First, it's going to help, but not be necessary for you to remove your plastics. Your tires/wheels can stay on (honestly this will help). Now, the big kicker - You won't have to remove your engine or split the cases to do this. That's right - the engine can stay in the frame, making this a MUCH easier job. Go ahead and drain the oil out of your engine, you'll lose it anyway since you're opening up the transmission.

Once you are to where you can get started, start by unbolting the engine. There are only 2 bolts, one in the bottom front, another at the top rear. You'll also want to unbolt the exhaust from the frame (two bolts). This will allow you to move the engine and get the drive-shafts off the output shaft. (NOTE: if you for some reason have the rear differential out, you can skip this step, or if you would prefer to just remove the rear differential you can - I think it's easier to move the engine, honestly). Next, unbolt both differentials to allow for slack/movement as well. This also makes it easier to put the driveshafts on/off.

Now, here is what the bevel gears look like as a cross section:

Parts 10 and 15 are what we are replacing with the Teryx gears and part #9 is the through shaft that your driveshafts attach to.


With your engine moving around a bit, go ahead and remove your rear driveshaft from the output shaft. This may require either a jack, engine lifts and/or an extra person. You'll want to slide the engine forward AND up (as the exhaust will hit the frame going directly forward). A pry bar may help a bit. Once the rear driveshaft is off, you can unbolt the 4 10mm headbolts that hold the output shaft in (parts # 1). It will slide right out, as there is nothing on the front holding it back.

Now, you should have this out of your engine (parts 1-14 in the diagram):

note that the front splines are different - this is from a Prairie, but should give you an idea.

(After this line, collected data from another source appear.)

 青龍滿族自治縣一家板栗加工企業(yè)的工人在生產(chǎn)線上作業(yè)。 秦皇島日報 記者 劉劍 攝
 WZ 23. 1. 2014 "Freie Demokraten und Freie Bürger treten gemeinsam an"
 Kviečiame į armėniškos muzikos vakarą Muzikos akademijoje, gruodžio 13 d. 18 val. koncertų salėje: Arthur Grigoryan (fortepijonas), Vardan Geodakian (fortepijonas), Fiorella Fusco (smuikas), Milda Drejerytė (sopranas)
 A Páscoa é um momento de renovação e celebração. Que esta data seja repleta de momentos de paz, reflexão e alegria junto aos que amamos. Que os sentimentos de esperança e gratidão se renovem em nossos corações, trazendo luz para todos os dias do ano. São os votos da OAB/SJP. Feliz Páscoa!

Now, we can remove the drive bevel gear. (part 15) This comes out by the dipstick. It will be helpful to remove the floorboard if you haven't done so already. There are 3 bolts that hold the dipstick cover on (8mm), and one that holds the transmission sensor (10mm). Remove the dipstick cover, and remove the circlip/snap ring that holds the starter gear on. Now you should see 4 10mm bolts (part #1 in the earlier diagram). Remove them, and the drive gear holder (part #19) with drive gear will come out with a little coercing and effort.

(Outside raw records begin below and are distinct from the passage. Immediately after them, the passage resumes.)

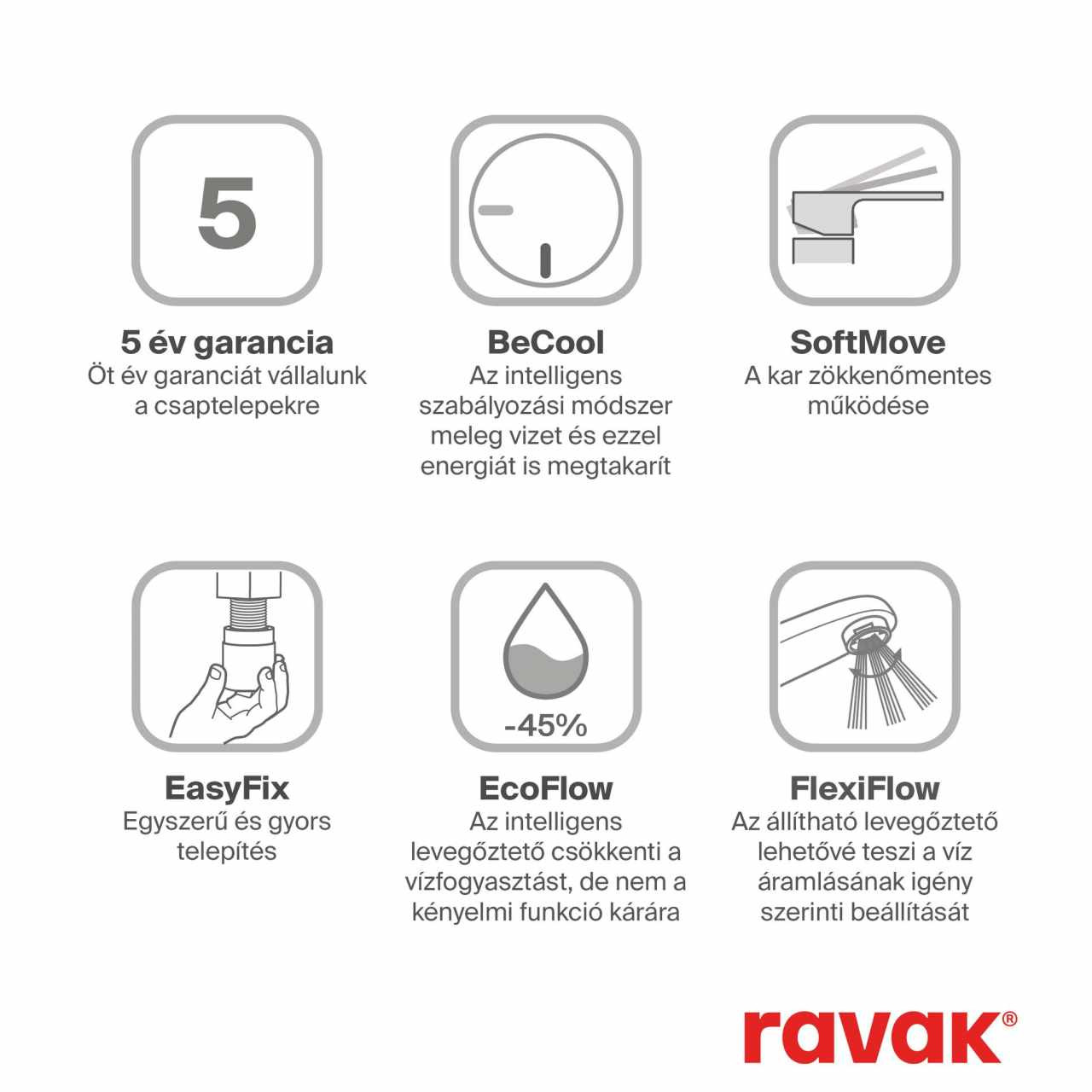 A fürdőszoba egységes megoldása és harmonikus kialakítása érdekében a többi Plan csapteleppel kombinálva javasoljuk. Külső tisztításhoz a Ravak Cleaner Chrome tisztítószer használatát ajánljuk.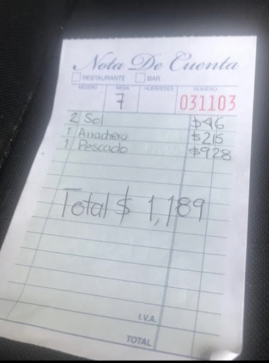 Read moreUn pescado frito $928. El menú solo dice depende del peso, no tiene precio por gramo, ni cuanto peso excesivamente caro por un pescado de max 400 gms ya cocinado. Arrachera un sabor incipido, y creo a la plancha por lo cual agarra el sabor de lo último que cocinaron en ella. Pregunte a la señorita si el precio del pescado estaba bien y me dice qué sí, es lo que vale, tbien le hicimos saber de una salsa qué ya estaba burbujeando de lo mala qué estaba. Definitivamente no vuelvo. Si van a cobrar esos precios ay que establecerlos bien en el menú y especificar e gramaje si es que en realidad es el precio que vale. Si no ay que ver eso con el personal. Por lo pronto no lo recomiendo en...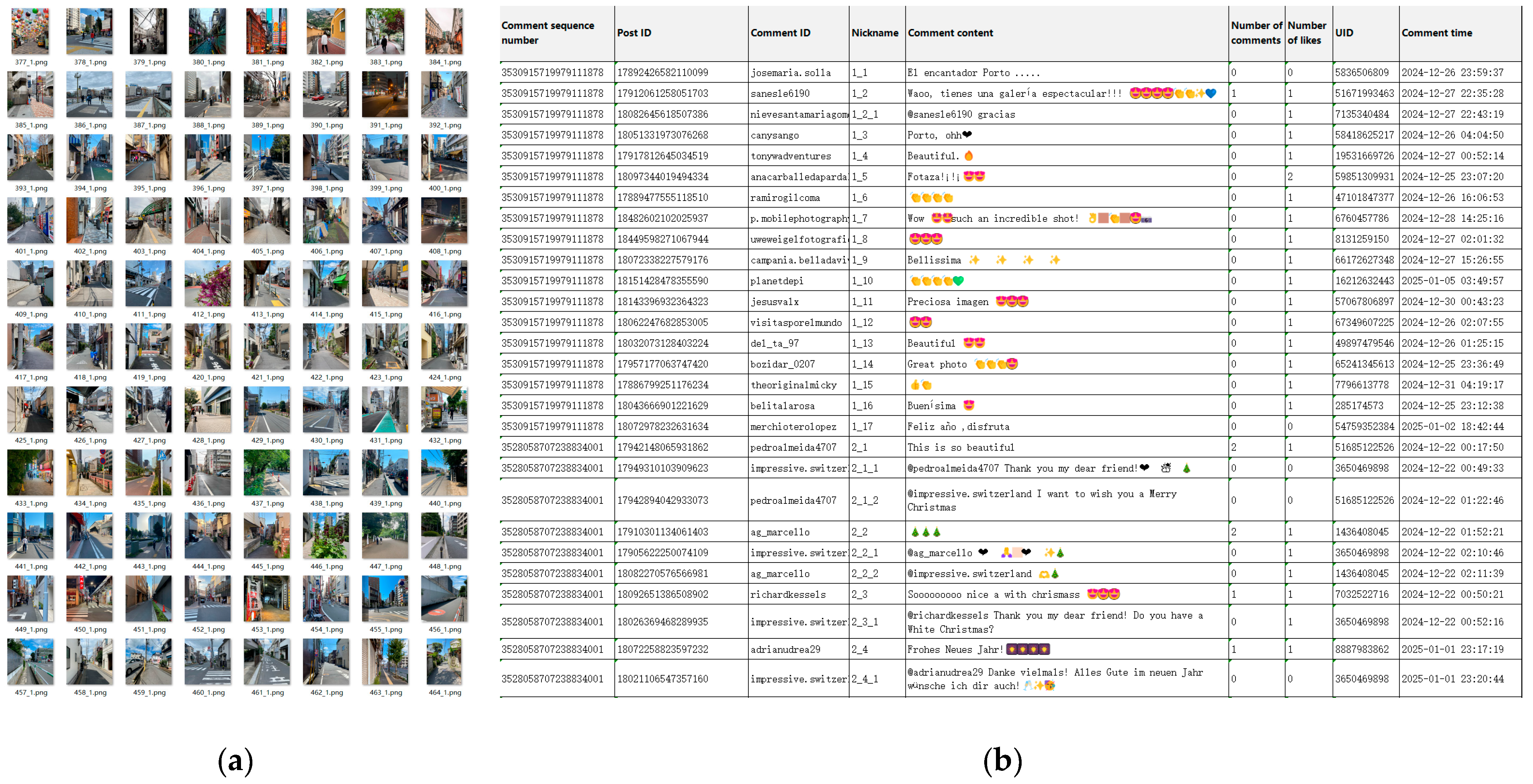 Figure 2. This figure presents the collected INS city-related street view data. (a) Images from 2817 INS posts related to urban street views, with each image named sequentially according to the order in which the posts were collected; (b) The corresponding 21,213 textual comments extracted from the same 2817 INS posts, containing metadata such as Post ID, Comment ID, Nickname, Comment Sequence Number, Comment Content, Number of Comments, etc. The comments are named sequentially following the order of the collected posts, with primary comments and secondary comments labeled progressively.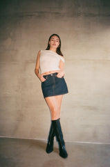 - Lucia, our mid-rise mini skirt. Featuring 5 pocket detaiing and made in our 100% cotton, rinse washed denim.

Now, you should have both gears out:




To remove the driven gear (part #10), you'll need to compress the spring and remove the snap ring that holds it in place. The gear and love-joy style holder will all come off the shaft. To remove the drive gear, you will need the Kawasaki special tool, or to take it to your local Kawasaki dealer. (it's cheaper usually to take it to the dealer - but don't forget to get them to put the Teryx gear in as well!)


So, here is where it gets a little tricky, and you'll have to do some custom work. The Teryx driven bevel gear will not work with the love-joy/spring set up. You will have to press the Teryx gear on (it's a TIGHT fit), and weld it to the shaft once you can shim (DO NOT WELD UNTIL YOU HAVE IT SHIMMED!).

Now, with your Teryx gears in place, all you have to do is set the back lash and tooth contact. Backlash needs to be within .002-.0043 (in), or .05-.11mm. I set mine a little on the tight side (about .0015), but that's because it is difficult to check lash 100% perpendicular, and I prefer to err on the side of caution, as any readings will be artificially lower because of this. Next, you'll have to set the tooth contact pattern. Apply your gear marking compound (or toothpaste - either works) to 4-5 teeth of the driven gear. Now spin the driven gear forward and reverse about 5 times each way (full rotations). Remove the drive gear, and check. Shim accordingly. You want the gears to be touching almost in the middle, if not a bit towards the toe/outside of the drive gear. If you find you don't have enough room to shim, then just move your driven gear up/down the output shaft as needed, then see what you can do. Theoretically, you won't NEED the shims for backlash as much, as you can move the driven gear up and down the shaft by nearly a full half inch. However, I think it's best to get close, and then shim.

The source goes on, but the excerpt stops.